2010-08-02 Thread david.herv...@gmail.com
ZK annonces that their approach is a server side centric. Conceptually
speaking GWT and ZK are really two different approaches.
Main argument for using ZK WAS they have a declarative approach to
build the UI. This gap is now obsolote since GWT has the UIBinder.

To my point of view the main advantages using GWT are :
 - its capabality to deal with several browser specific behavior (and
more over to let the user add browser specific behavior via deferred
binding).
 - its client side approach : your server can support load more easily
 - its more natural for Programmers who came from Swing/AWT/SWT/GTK...

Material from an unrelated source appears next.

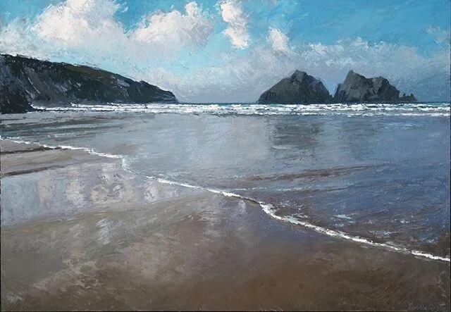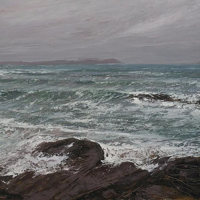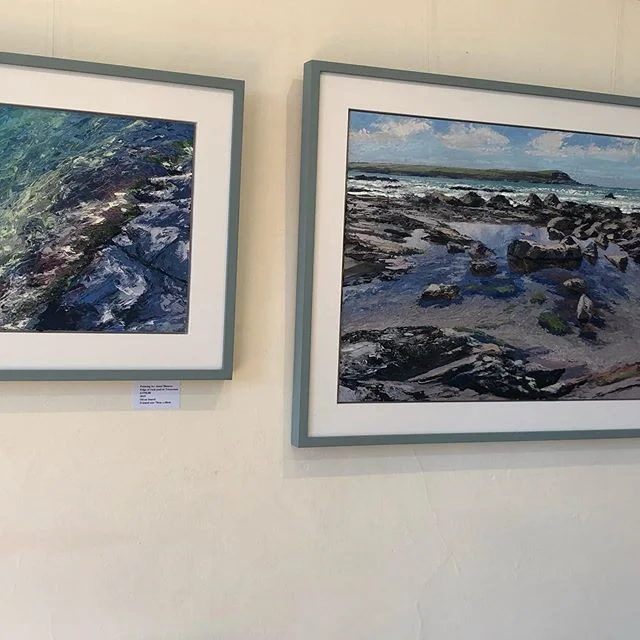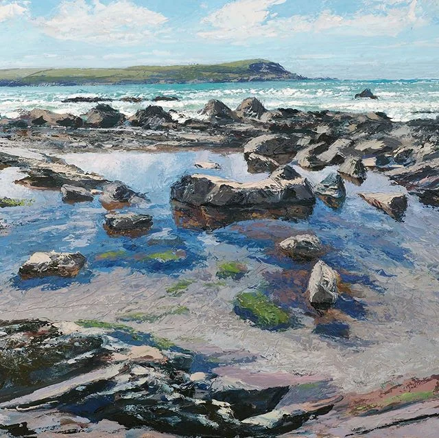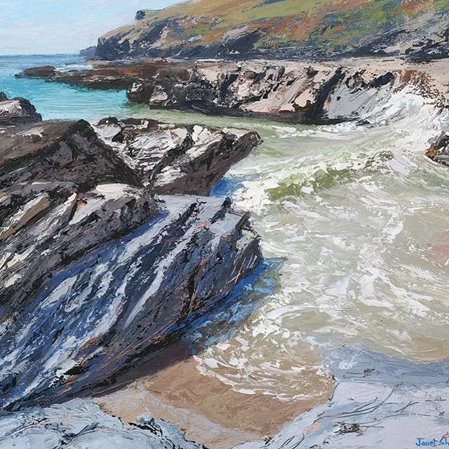 In her most recent collection of paintings of the rocky shorelines, Janet has focussed specifically upon a small stretch of the rugged coastline - between Port Quin and Polzeath. She returns regularly to this scenic area to walk, kayak, photograph, sketch and observe as the tide rolls out to reveal deep, glassy rock pools and perfectly clear views to the seabed below.
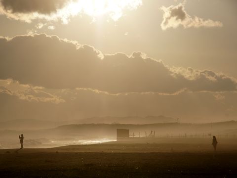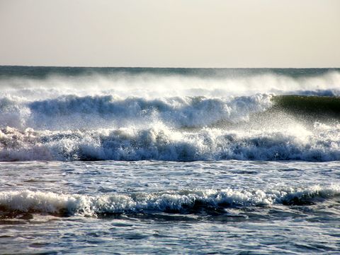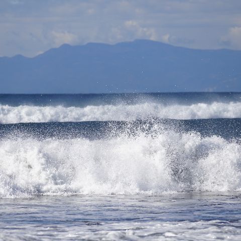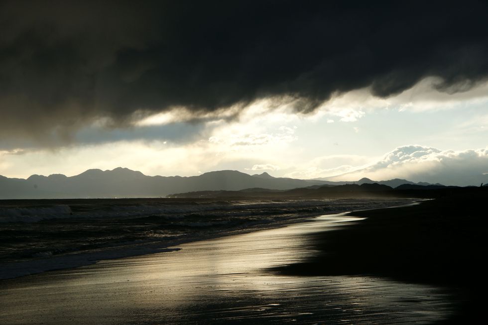 強風で強い潮風が吹き付ける海岸お昼過ぎまでの大嵐のあと太陽も出て天気は回復、でも強風は収まらず。 |

On the contrary the learning curve is may be stronger


On Aug 1, 10:08 am, Sebastian Rothbucher
sebastian.rothbuc...@clarities.de wrote:
 HI akhil,

 ZK does not have a 2nd compilation step into JS (and can thus use all
 of Java on both sides). However, you have ongoing client-server
 communication (speed!), you don't have the optimizations google offers
 for your and from what I remember from using ZK, the framework is by
 far not as straightforward: with GWT, you add a widget to a root panel
 and just program the UI; with ZK, you have binding declarations,
 event / update issues, ...  At least I (but it may be me) had much
 more trouble and many more problems to solve before the ZK logic was
 in place (e.g. augment table contents). Finally, you re-use the best
 practices long established in traditional UI programming and this is
 where RIA also aims for when using GWT.

 So for a quick and optimized entry into the subject of RIA - and also
 for quickly implementing larger stuff with a stable framework, I'd use
 GWT. I've been using it for a while now and it turned out to be a very
 solid ground. (Maybe ZK would have done the same when I'd have
 followed it further - all starting issues can surely be solved there
 as well; however, I've never regretted choosing GWT).

 Hope this helps - best Regards
    Sebastian

 On 31 Jul., 12:37, matthieu vidal m...@matthieu-vidal.com wrote:



  Regarding the ZK license and the community arround it, I don't think.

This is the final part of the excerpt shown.